E você? Como cantou sua Cartilha?
Fonte: Prof. Dr. Eliseu Couto      18/08/2025

Por Dr. Eliseu Couto

Na Cartilha ainda enfileiramos. Mas já estávamos em um colégio de verdade, com salas de aula e com carteiras duplas. Meu caminho ficou mais leve e comecei a sentar lado a lado com um coleguinha, dividindo uma carteira. Passou-se, então, a era do tamborete.

Do ABC se passava para a cartilha. Não um livro, mas uma série, uma etapa, um grau a mais. Para passar era preciso saber soletrar bem. Saber com o sabor do desejo de ir para a próxima série. Já se sabia, pela Vila, até quem era o professor dessa etapa. Ele já era anunciado antes, pois só havia um. Para muitos, um bom professor. Para outros, o temido, o bruto, rígido e disciplinado(r).

Eu não tinha nenhum medo dessa cartilha soletrada antes da reunião dos bê a bás. Ou dessa cartilha cantada antes mesmo da junção dos principais componentes da orquestra educacional.

O ano devia ser 88. Entre um Pé de Serra e o alto de João Trovão, enfileiravam meninos e meninas em frente ao CÊRA. E ali fazíamos cera alguns minutos em posição de sentido. O diretor dava o comando: COBRIR!! SENTIDO!! Isso se repetia algumas vezes. Depois cantávamos o hino nacional e, em dias especiais, mais uns três hinos. Fizesse sol ou vento, o ritual era repetido todos os dias da semana. De segunda a sexta.

Nessa época os dias letivos ainda não haviam sofrido o massacre do tempo curricular. Tínhamos tempo... Os sábados gozavam de sua autonomia de ser sábado sem ser letivo. Os professores dessa época também nem sabiam o que era isso. Mas como professores demoram pra se aposentar, depois todos ficaram sabendo e experimentando o gosto de um sábado letivo. Eu era ainda um simples COBRIR!! SENTIDO!! Mas hoje, retroativamente, invejo os sábados antes de terem sofrido os efeitos curriculares contemporâneos.

E entrávamos enfileirados. Só se desfaziam as filas quando cada par se sentava em sua carteira dupla. E seguimos as lições de segunda a sexta. De segunda a sexta também eram certas as pedaladas entre os caminhos da Baixinha e os caminhos da escola.

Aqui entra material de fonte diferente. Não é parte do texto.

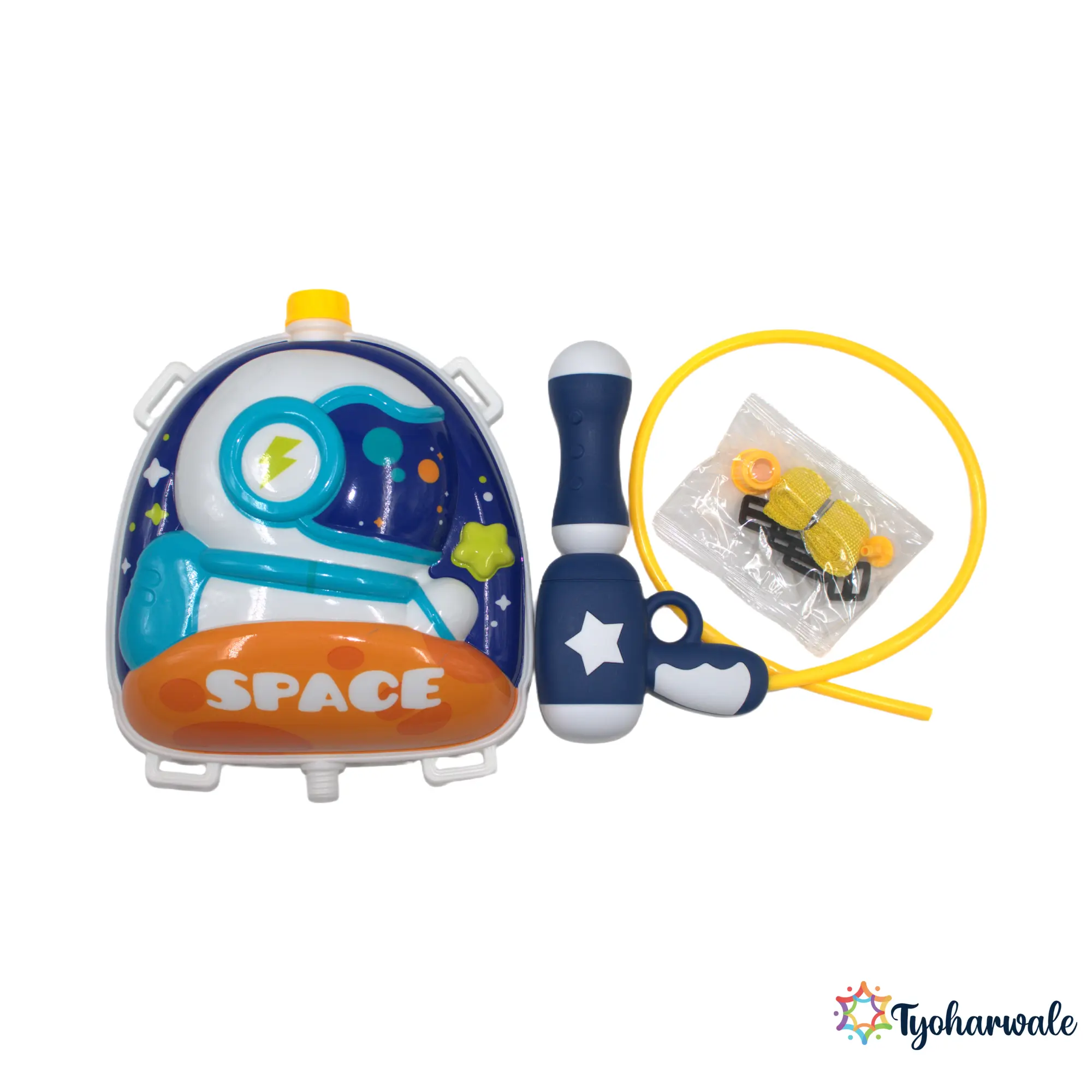 A space-themed backpack, a water tank gun designed for extended Holi celebrations. Supports longer outdoor play with fewer refills.
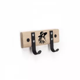 Вішалка настінна з натурального дерева на 7 гачків з магнітами власного виробництва ялина+модрина 56х30 см
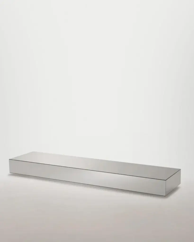 Low tables in extralight transparent glass, available in two different sizes. A complex and innovative curvature, characterized by particularly daring angles and gradients, confers great dynamism and plasticity to the low tables. This technical virtuosity gives the low table an extremely light appearance.Available finishes: 500. ExtralightDIMENSIONS:• Medium - L58 W58 H33 cm• Small - L50 W50 H57 cm
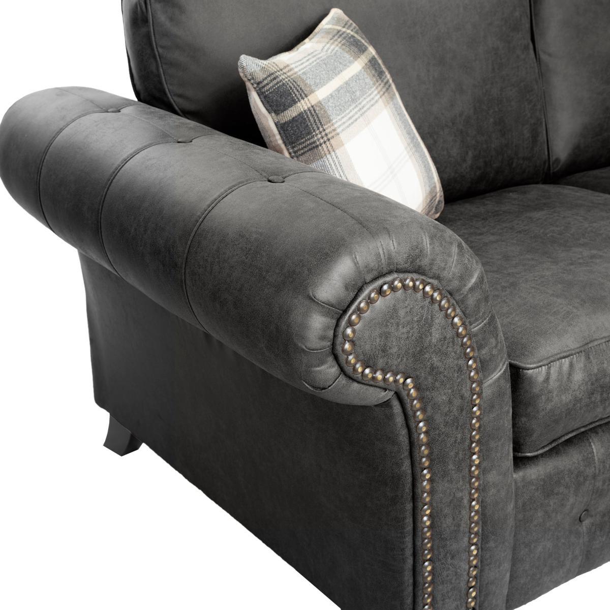 The Oakland Faux Leather Corner Sofa adds an elegant and luxurious touch to any living room. With soft to the touch faux leather upholstery available in two colours, this sofa features brass studding and button detailing along with sturdy wooden feet to add the perfect finishing touch. The Oakland also boasts foam filled seat cushions, fibre filled back cushions and a sprung seat, making it as relaxing and comfortable as it is stylish. Please note, unfortunately we cannot deliver this item to the Channel Islands. To check out our handy sizing guide to help you find out if you’ll be able to get your new furniture into your home.
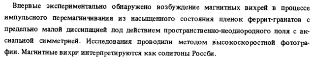 Впервые экспериментально обнаружено возбуждение магнитных вихрей в процессе импульсного перемагничивания из насыщенного состояния пленок феррит-гранатов с предельно малой диссипацией под действием пространственно-неоднородного поля с аксиальной симметрией. Исследования проводили методом высокоскоростной фотографии. Магнитные вихри интерпретируются как солитоны Россби.
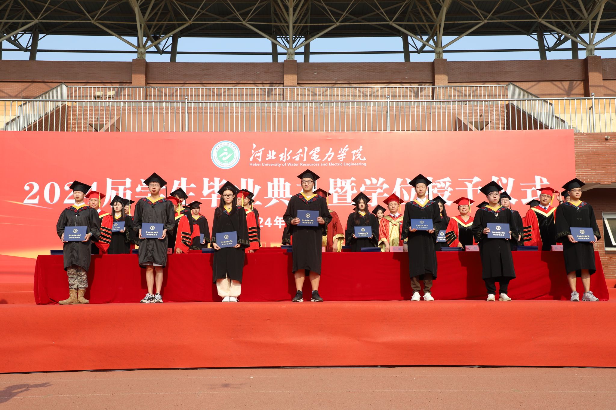 王建明宣读了8868·电子(中国)官方网站关于授予2024届本科生学士学位的决定。出席典礼仪式的领导、教师为2024届优秀毕业生代表拨穗正冠,颁发学位证书,并合影留念。
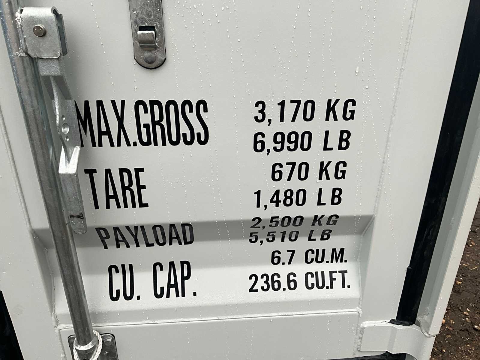 Zeecontainer / opslagcontainer; v.v. lepelgaten; 2x sleutel; kleur RAL 7035; zijdeur; raam; ongebruikt; Merk: 2024 - GMPU Type: 7ft Opslagcontainer: true Totale afmeting L: 2140mm Totale afmeting Breedte: 1840mm Totale afmeting Hoogte: 1980mm

Na sala da cartilha o silêncio tinha que reinar entre os alunos. Me lembro de um dia em que recebemos o comando de silêncio desde a entrada na sala até o recreio. Quem soltasse um pio, ficaria sem intervalo. Aos desobedientes, foi posta a seguinte lição no quadro verde: “devo amar o professor e respeitar os meus colegas”. O castigo era escrever a sentença repetidas vezes até encher uma folha inteira do caderno que levávamos na sacola.

A Cartilha era uma fase de transição desafiadora para se alcançar a Primeira Série. Quem não rezasse a cartilha direitinho, permaneceria enfileirado entre o COBRIR e o SENTIDO. Na fila dos (re)provados...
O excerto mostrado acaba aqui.